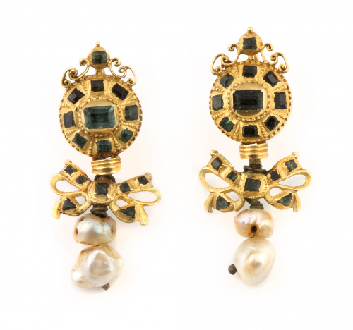 Pendientes S. XVIII-XIX con botón y lazo de esmeraldas y dos perlas de aljófar colgantes
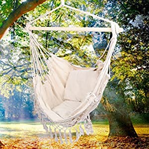 Con 2 cuscini: consegnati con 2 cuscini, potete ottenere un comfort supplementare di questa altalena, rendendo le vostre vacanze o le vacanze più piacevoli
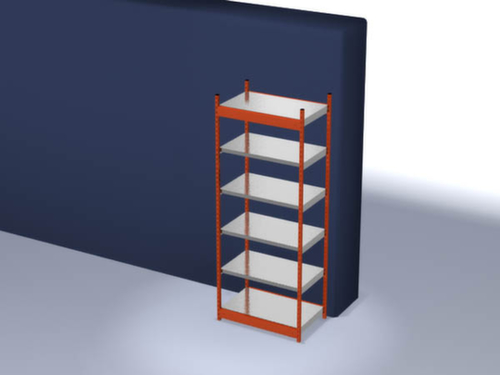 de belangrijkste maten van de hofe magazijnstelling in één oogopslag:6 niveaus met Stalen bodem. niveaus met veiligheidsrand voor bescherming tegen verwondingen. 3-voudige veiligheidsrand van 40 mm hoog zorgt voor hoge stabiliteit en bescherming tegen verwondingen. vakhoogtes zijn afhankelijk van het doel en uw behoeften verstelbaar in stappen van 50 mm. opstelhoek recht. gebruik tweezijdig - flexibele opstelling vrijstaand in de ruimte mogelijk. Hoge stabiliteit dankzij lengteliggers. constructie van staal, staanders met slijtvaste kunststof coating in RAL2004 zuiver oranje, niveaus met corrosiebeschermende zinklaag.
□ □ □ □ □ □ □
**WHAT TO DO**
From the very first line of the listing above through the line that holds "Con 2 cuscini: consegnati", write out each line exactly as it stands, leaving pictures out.

**OUTPUT BELOW**
 Pendientes S. XVIII-XIX con botón y lazo de esmeraldas y dos perlas de aljófar colgantes
 Con 2 cuscini: consegnati con 2 cuscini, potete ottenere un comfort supplementare di questa altalena, rendendo le vostre vacanze o le vacanze più piacevoli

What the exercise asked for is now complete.